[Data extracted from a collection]
========

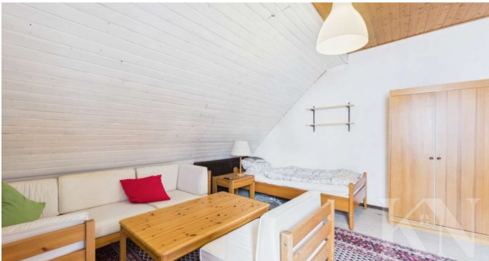
Gästezimmer / Schlafzimmer
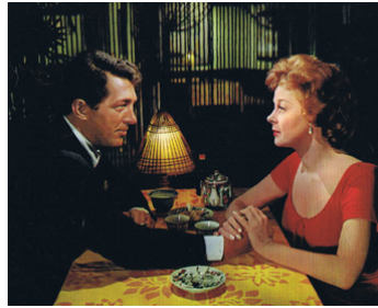
1961 LE 3 e HOMME ÉTAIT UNE FEMME (Ada) de Daniel Mann avec Susan Hayward
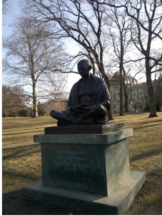
تمثال غاندي في جنيف

قبل وصولنا الى القصر يطالعنا تمثال غاندي وحينها تفاجئ بوجوده في احدى الحدائق أمام بناية قديمة للغاية. فقد كان الزعيم الهندي من الزعماء الذين نالوا الشهرة الكبيرة في هذا الزمن، ولقد سمي ببطل المقاومة السلمية ضد الاستعمار. وأتذكر بان اول كتاب اشتريته في حياتي كان حول غاندي. والغرب يحاول دائما ان يصدر ثورته السلمية الى الشرق ولتعليم الشرق بأن الحرية والديمقراطية تأتيان ايضا من السلم. استمتعت بالتمثال ووقتها قلت مع نفسي باني جئت الى مدينة التماثيل. ولهذا كان النحات الكوردي (حميد كه مه كي) موضوع حديثنا بين الاصدقاء كلما تحدثنا عن التماثيل. والفنان حميد رجع بصورة نهائية الى دهبوك في كوردستان العراق ولم يبق من يحدثنا عن تماثيل جنيف!!
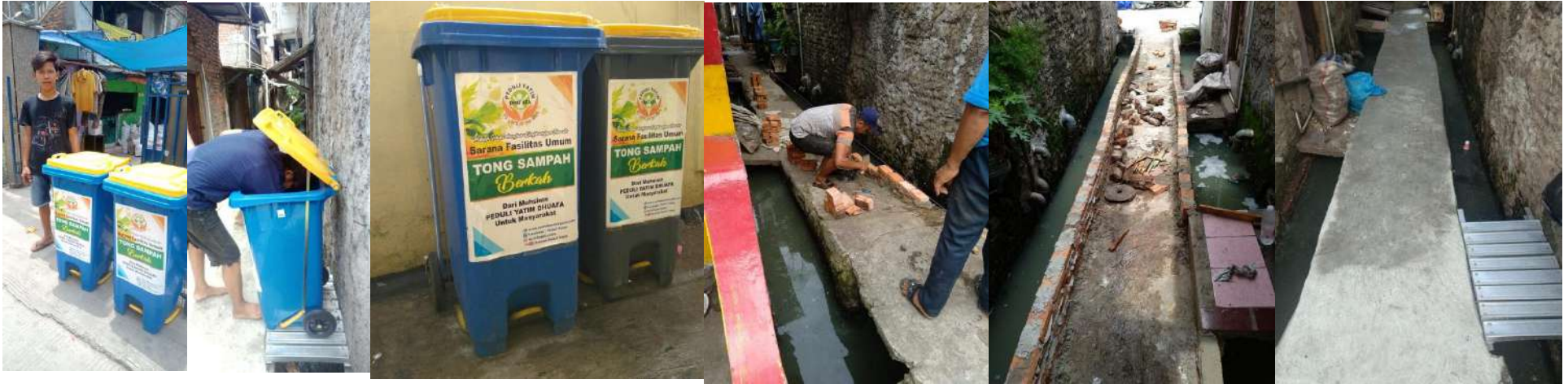
TONG SAMPAH DAN PENINGGIAN JALAN GANG ATASI BANJIR UNTUK FASILITAS MASYARAKAT KOMPLEK UKA KOJA JAKARTA UTARA
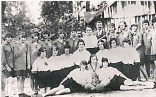
Handbalistky ŠK Ligeti a PTE Bratislava v roku 1925 pred vzájomným zápasom.

bratislavských klubov, a to maďarského PTE (Pozsonyi Torna Egyesület) a nemeckého Zwirnfabrik SC. Zápas sa odohral na ihrisku „cvernovkárok“ v areáli ich továrne. Z krátkého oznamu v novinách neboli veru nadšení najmä
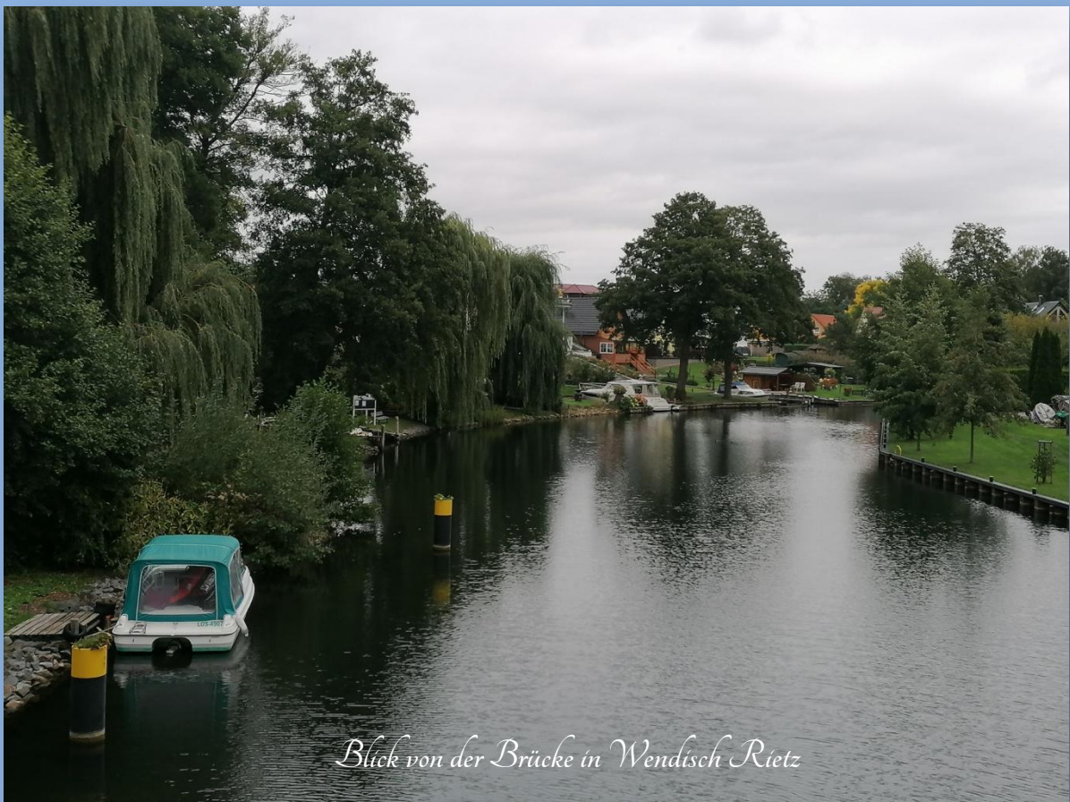
Blick von der Brücke in Wendisch Rietz
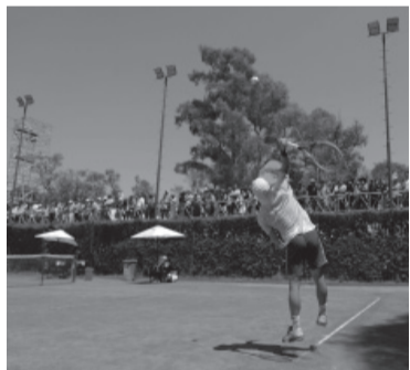
Schwartzman entrena y es un imán para los fanáticos. - Argentina Open -

“Yo soy el que no se siente cómodo a la hora de jugar ahí. Los cordobeses piensan que estoy diciendo que no me gusta Córdoba y yo amo Córdoba, me encanta. El que no se logra adaptar soy yo”. - DIB -
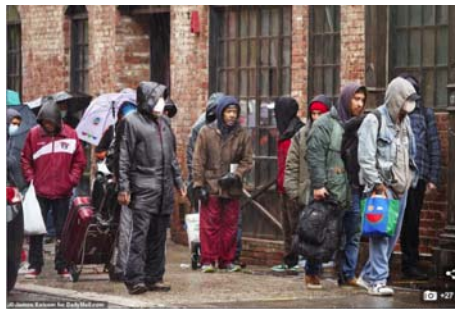
Long lines continued to form outside food banks and unemployment offices in dozens of cities over the weekend as the coronavirus pandemic takes a heavy toll on families, leaving many unsure of when their next paycheck will come. Pictured: Hundreds of people wait to receive meals at the Bowery Mission in New York City on Monday

« Des files d'attente de plusieurs kilomètres se sont formées dans les banques alimentaires et les bureaux de chômage à travers les États-Unis au cours de la semaine dernière ».
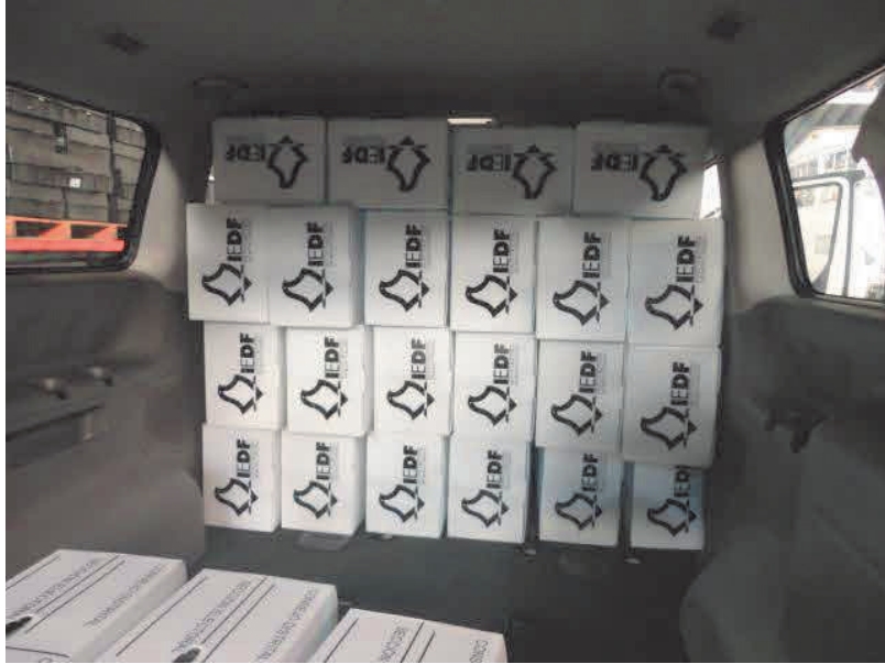
2° FILA DE CAJAS= 22
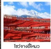
โซ่วจางอีหมว

========

■ **Brief**
Restate the records in full and word for word, but keep the pictures out.

■ **Output of the exercise**
Gästezimmer / Schlafzimmer
1961 LE 3 e HOMME ÉTAIT UNE FEMME (Ada) de Daniel Mann avec Susan Hayward
تمثال غاندي في جنيف

قبل وصولنا الى القصر يطالعنا تمثال غاندي وحينها تفاجئ بوجوده في احدى الحدائق أمام بناية قديمة للغاية. فقد كان الزعيم الهندي من الزعماء الذين نالوا الشهرة الكبيرة في هذا الزمن، ولقد سمي ببطل المقاومة السلمية ضد الاستعمار. وأتذكر بان اول كتاب اشتريته في حياتي كان حول غاندي. والغرب يحاول دائما ان يصدر ثورته السلمية الى الشرق ولتعليم الشرق بأن الحرية والديمقراطية تأتيان ايضا من السلم. استمتعت بالتمثال ووقتها قلت مع نفسي باني جئت الى مدينة التماثيل. ولهذا كان النحات الكوردي (حميد كه مه كي) موضوع حديثنا بين الاصدقاء كلما تحدثنا عن التماثيل. والفنان حميد رجع بصورة نهائية الى دهبوك في كوردستان العراق ولم يبق من يحدثنا عن تماثيل جنيف!!
TONG SAMPAH DAN PENINGGIAN JALAN GANG ATASI BANJIR UNTUK FASILITAS MASYARAKAT KOMPLEK UKA KOJA JAKARTA UTARA
Handbalistky ŠK Ligeti a PTE Bratislava v roku 1925 pred vzájomným zápasom.

bratislavských klubov, a to maďarského PTE (Pozsonyi Torna Egyesület) a nemeckého Zwirnfabrik SC. Zápas sa odohral na ihrisku „cvernovkárok“ v areáli ich továrne. Z krátkého oznamu v novinách neboli veru nadšení najmä
Blick von der Brücke in Wendisch Rietz
Schwartzman entrena y es un imán para los fanáticos. - Argentina Open -

“Yo soy el que no se siente cómodo a la hora de jugar ahí. Los cordobeses piensan que estoy diciendo que no me gusta Córdoba y yo amo Córdoba, me encanta. El que no se logra adaptar soy yo”. - DIB -
Long lines continued to form outside food banks and unemployment offices in dozens of cities over the weekend as the coronavirus pandemic takes a heavy toll on families, leaving many unsure of when their next paycheck will come. Pictured: Hundreds of people wait to receive meals at the Bowery Mission in New York City on Monday

« Des files d'attente de plusieurs kilomètres se sont formées dans les banques alimentaires et les bureaux de chômage à travers les États-Unis au cours de la semaine dernière ».
2° FILA DE CAJAS= 22
โซ่วจางอีหมว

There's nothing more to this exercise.